▶ **ABOUT THIS TASK**: In the records below, reproduce exactly the lines from the one containing "ホテル アゴラ 大阪守口" through the one containing "写真) 国道 134 号後背地 (左) とアクセス道路に設置されたサイン (右)", both included, and omit the pictures.

▶ **DATA PROVIDED**:
════════════════════

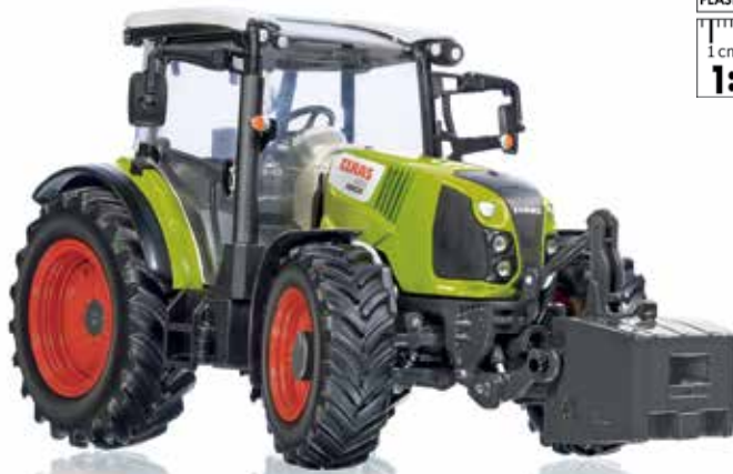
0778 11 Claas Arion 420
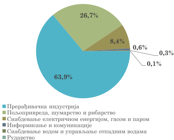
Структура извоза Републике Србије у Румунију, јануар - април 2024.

════════════════════

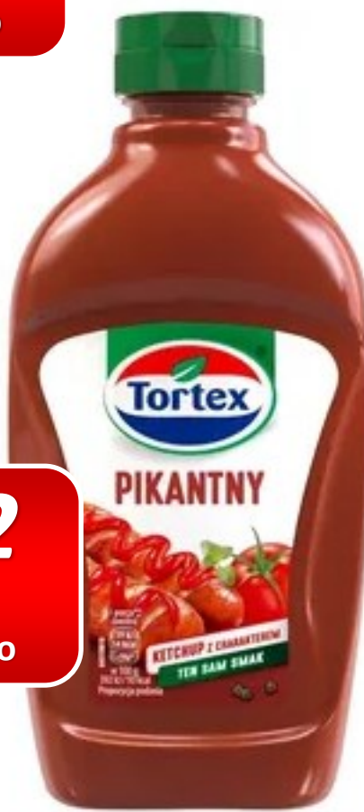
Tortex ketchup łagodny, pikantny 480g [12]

════════════════════

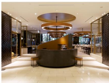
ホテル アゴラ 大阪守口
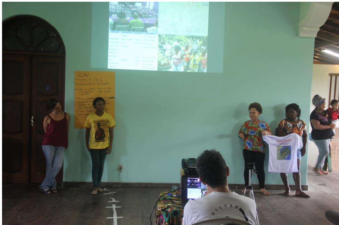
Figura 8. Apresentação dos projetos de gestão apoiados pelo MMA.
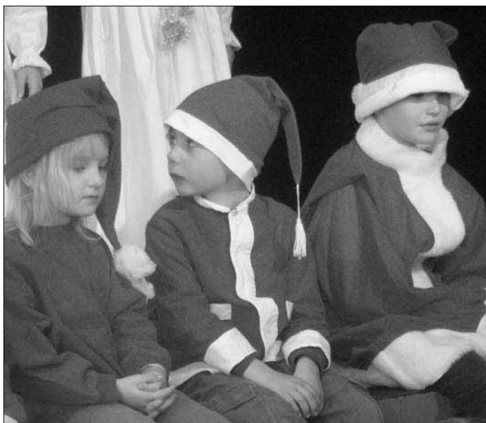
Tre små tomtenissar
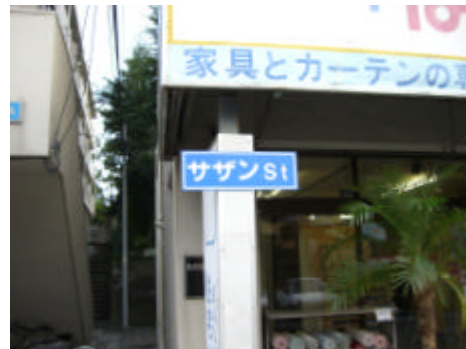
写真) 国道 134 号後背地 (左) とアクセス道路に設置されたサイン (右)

════════════════════

▶ **SOLUTION TO THIS PROBLEM**:
ホテル アゴラ 大阪守口
Figura 8. Apresentação dos projetos de gestão apoiados pelo MMA.
Tre små tomtenissar
写真) 国道 134 号後背地 (左) とアクセス道路に設置されたサイン (右)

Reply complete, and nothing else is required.